(Exercise data)
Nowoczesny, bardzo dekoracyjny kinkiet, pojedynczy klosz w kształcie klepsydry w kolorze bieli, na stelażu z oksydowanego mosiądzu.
(End Exercise data)
(Exercise data)
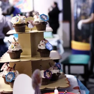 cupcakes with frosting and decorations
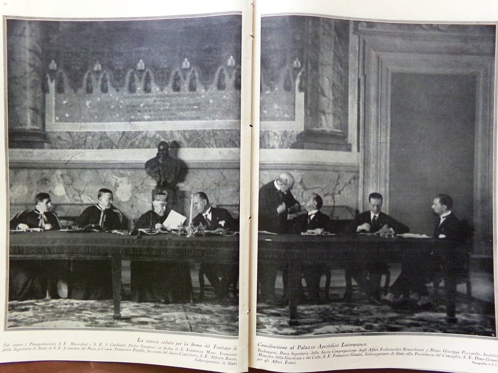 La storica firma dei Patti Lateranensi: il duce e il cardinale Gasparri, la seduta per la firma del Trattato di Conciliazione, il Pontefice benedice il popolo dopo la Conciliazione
(End Exercise data)
### Exercise instructions
Repeat the lines above exactly, beginning with the one containing "cupcakes with frosting and decorations" and finishing with the one containing "La storica firma". No pictures belong in the copy.

### Response below
 cupcakes with frosting and decorations
 La storica firma dei Patti Lateranensi: il duce e il cardinale Gasparri, la seduta per la firma del Trattato di Conciliazione, il Pontefice benedice il popolo dopo la Conciliazione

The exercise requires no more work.